Hesperolemur Temporal range: 49–37 Ma PreꞒ Ꞓ O S D C P T J K Pg N Ypresian - Priabonian

Scientific classification
- Domain: Eukaryota
- Kingdom: Animalia
- Phylum: Chordata
- Class: Mammalia
- Order: Primates
- Suborder: Strepsirrhini
- Family: †Notharctidae
- Genus: †Hesperolemur Gunnell, 1995
- Species: †H. actius
- Binomial name: †Hesperolemur actius Gunnell, 1995

= Hesperolemur =

- Authority: Gunnell, 1995
- Parent authority: Gunnell, 1995

Extinct genus of primates

Hesperolemur is a genus of adapiform primate that lived in the middle Eocene (49-37 million years ago) of southern California.
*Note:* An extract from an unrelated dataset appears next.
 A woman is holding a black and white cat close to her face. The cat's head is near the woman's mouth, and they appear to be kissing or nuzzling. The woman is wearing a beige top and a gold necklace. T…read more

It is an immigrant taxa which appears to be most closely related to the earlier European forms of Cantius. It was approximately 4.5 kg in weight and was the last surviving notharctine species, probably because of its position in the refugia that existed in southern California during the climate deterioration at the end of the middle Eocene. There are no later taxa that appear to have derived from Hesperolemur.
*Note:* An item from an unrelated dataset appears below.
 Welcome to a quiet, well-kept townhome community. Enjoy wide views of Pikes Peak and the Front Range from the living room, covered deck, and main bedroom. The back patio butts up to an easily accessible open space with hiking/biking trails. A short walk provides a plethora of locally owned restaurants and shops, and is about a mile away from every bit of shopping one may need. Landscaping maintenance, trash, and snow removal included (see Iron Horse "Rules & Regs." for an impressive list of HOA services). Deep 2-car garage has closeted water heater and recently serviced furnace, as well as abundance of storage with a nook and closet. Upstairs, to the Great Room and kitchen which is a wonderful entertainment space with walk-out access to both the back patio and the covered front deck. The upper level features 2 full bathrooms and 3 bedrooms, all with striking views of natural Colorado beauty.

The weak but present development of mesostyles and pseudohypocone link Hesperolemur to Cantius. Morphologically, Hesperolemur is distinct from other notharctine taxa in having a partially fused ectotympanic anulus in the auditory bulla, no stapedial artery, and no lower molar paraconids. As the specimen used to make these analyses was badly damaged, others have argued against the existence of such differences and move Hesperolemur to a species of Cantius, Cantius actius.